Top of INFORMATION GIVEN

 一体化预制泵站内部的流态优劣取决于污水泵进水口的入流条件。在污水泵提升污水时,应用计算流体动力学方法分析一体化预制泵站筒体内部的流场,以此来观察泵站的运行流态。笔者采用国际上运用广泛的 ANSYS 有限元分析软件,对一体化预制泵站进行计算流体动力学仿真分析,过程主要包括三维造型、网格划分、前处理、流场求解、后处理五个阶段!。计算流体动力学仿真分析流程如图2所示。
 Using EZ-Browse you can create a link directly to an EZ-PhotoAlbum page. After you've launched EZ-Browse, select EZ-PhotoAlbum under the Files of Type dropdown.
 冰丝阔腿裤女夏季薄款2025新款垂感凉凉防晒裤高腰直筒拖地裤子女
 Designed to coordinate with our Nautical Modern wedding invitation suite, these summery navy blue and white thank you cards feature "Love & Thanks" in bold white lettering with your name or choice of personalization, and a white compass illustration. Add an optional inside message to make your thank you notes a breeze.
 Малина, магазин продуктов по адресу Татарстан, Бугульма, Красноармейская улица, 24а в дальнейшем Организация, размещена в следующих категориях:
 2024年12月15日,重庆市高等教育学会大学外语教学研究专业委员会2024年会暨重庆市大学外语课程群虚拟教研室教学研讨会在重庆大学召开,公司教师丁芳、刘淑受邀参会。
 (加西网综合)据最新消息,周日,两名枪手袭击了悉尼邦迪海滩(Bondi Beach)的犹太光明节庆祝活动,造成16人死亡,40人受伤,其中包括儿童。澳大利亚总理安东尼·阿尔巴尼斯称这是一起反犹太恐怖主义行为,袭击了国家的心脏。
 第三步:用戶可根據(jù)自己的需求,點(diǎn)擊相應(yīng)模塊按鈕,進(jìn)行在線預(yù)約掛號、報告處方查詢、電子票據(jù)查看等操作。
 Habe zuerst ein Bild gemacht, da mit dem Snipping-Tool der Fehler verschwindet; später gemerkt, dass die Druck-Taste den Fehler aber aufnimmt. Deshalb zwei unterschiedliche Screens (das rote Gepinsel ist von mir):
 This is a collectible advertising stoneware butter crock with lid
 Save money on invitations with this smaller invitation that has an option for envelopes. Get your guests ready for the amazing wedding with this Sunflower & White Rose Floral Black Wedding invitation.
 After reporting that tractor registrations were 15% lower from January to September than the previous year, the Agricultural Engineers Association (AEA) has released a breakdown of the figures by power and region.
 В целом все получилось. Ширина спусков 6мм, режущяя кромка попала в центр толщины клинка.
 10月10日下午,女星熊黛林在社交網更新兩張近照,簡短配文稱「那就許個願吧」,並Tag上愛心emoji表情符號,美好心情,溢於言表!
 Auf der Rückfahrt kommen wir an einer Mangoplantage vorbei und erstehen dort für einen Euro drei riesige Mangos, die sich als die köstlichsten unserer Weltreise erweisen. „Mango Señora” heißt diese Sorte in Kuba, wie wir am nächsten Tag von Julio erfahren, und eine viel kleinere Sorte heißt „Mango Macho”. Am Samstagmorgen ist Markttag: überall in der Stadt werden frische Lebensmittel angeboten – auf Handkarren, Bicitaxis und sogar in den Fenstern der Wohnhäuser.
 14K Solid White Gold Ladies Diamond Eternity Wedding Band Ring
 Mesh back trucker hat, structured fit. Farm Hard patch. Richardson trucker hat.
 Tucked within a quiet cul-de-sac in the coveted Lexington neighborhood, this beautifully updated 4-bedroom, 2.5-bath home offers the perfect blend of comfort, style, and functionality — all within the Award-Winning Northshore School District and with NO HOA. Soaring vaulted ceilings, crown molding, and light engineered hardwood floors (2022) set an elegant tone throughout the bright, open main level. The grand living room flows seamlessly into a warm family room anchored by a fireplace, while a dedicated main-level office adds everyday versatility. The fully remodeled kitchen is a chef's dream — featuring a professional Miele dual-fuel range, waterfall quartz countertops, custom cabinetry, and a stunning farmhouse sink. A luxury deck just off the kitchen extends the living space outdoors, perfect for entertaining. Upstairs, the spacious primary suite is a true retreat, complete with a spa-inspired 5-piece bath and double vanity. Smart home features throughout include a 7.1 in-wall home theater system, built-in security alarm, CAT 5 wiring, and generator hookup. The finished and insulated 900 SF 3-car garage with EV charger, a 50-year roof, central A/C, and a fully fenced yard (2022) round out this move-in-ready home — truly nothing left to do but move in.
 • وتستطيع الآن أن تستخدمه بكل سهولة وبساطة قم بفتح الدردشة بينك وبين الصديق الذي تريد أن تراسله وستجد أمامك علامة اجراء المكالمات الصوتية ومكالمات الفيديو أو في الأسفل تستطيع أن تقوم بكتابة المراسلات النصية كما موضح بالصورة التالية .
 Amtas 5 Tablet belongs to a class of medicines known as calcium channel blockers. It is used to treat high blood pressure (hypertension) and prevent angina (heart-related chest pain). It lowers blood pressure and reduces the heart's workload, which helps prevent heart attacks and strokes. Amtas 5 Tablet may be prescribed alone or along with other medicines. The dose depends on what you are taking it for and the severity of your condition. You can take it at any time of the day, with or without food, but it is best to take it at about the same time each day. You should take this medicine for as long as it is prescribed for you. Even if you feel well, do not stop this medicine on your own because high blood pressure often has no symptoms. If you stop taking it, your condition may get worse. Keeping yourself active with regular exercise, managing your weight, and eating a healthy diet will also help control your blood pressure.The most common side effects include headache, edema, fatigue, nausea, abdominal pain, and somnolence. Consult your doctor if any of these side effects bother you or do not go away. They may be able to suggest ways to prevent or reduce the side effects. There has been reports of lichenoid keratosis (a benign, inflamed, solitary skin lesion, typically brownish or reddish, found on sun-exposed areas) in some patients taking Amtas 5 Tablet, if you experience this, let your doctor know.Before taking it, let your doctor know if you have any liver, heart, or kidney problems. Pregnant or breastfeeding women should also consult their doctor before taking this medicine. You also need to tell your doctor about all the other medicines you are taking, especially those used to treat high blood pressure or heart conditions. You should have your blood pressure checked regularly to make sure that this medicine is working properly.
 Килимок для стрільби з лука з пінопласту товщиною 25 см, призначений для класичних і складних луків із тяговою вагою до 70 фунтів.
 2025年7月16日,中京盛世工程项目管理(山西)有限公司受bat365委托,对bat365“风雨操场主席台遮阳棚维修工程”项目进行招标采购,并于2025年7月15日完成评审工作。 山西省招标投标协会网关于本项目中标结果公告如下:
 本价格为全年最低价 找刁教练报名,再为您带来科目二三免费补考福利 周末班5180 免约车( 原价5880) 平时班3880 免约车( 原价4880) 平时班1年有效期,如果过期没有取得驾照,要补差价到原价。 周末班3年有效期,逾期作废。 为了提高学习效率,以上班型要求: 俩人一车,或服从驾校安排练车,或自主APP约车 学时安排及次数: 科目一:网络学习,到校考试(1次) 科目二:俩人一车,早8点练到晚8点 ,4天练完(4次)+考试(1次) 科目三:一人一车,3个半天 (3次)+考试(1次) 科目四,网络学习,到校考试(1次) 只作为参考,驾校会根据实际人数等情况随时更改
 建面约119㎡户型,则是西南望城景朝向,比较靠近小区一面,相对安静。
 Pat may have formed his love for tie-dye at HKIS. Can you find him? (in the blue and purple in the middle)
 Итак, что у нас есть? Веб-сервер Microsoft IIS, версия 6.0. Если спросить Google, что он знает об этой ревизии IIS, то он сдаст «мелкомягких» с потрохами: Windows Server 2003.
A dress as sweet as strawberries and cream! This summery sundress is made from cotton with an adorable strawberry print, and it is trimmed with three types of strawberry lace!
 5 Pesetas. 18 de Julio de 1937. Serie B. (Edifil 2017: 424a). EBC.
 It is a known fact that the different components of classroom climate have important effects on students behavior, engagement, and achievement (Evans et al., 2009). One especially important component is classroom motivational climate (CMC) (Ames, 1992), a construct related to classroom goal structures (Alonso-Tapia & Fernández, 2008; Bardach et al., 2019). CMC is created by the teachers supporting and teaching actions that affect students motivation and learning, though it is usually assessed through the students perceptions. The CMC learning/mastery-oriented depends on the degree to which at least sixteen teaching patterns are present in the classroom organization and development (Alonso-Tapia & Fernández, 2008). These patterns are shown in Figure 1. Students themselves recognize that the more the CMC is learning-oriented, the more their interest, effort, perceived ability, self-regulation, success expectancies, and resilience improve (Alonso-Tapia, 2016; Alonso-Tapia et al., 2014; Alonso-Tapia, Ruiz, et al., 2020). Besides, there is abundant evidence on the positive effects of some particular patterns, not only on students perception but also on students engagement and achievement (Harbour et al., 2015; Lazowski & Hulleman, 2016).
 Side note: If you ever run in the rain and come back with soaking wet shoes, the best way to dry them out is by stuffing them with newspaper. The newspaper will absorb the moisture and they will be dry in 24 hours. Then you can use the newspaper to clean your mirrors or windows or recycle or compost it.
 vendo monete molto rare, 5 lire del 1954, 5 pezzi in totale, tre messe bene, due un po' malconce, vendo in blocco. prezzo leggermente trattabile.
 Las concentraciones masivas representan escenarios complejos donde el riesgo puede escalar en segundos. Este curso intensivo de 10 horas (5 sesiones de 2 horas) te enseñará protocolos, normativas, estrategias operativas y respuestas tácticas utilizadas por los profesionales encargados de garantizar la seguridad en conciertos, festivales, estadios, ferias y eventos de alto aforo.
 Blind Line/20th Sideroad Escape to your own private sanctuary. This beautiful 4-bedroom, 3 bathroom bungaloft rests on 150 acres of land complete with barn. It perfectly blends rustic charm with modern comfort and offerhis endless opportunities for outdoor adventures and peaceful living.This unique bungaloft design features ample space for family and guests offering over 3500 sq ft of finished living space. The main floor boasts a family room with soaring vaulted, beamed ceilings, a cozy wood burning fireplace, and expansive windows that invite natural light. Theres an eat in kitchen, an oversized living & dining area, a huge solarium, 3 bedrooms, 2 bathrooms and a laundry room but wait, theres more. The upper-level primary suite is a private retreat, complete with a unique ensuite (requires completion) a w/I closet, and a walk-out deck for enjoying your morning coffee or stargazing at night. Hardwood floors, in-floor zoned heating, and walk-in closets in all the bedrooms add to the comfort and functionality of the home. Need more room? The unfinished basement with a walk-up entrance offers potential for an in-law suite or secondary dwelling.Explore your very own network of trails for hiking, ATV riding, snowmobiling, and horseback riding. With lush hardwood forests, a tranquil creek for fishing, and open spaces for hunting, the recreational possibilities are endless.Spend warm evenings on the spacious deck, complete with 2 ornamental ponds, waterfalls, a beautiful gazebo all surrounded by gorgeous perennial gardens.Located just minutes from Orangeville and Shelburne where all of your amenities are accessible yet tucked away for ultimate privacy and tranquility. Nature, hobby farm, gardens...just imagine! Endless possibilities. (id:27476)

Bottom of INFORMATION GIVEN

* **EXERCISE INSTRUCTIONS**
Pull out all lines from the listing that contain the string "blue".

* **ANSWER SECTION**
 Designed to coordinate with our Nautical Modern wedding invitation suite, these summery navy blue and white thank you cards feature "Love & Thanks" in bold white lettering with your name or choice of personalization, and a white compass illustration. Add an optional inside message to make your thank you notes a breeze.
 Pat may have formed his love for tie-dye at HKIS. Can you find him? (in the blue and purple in the middle)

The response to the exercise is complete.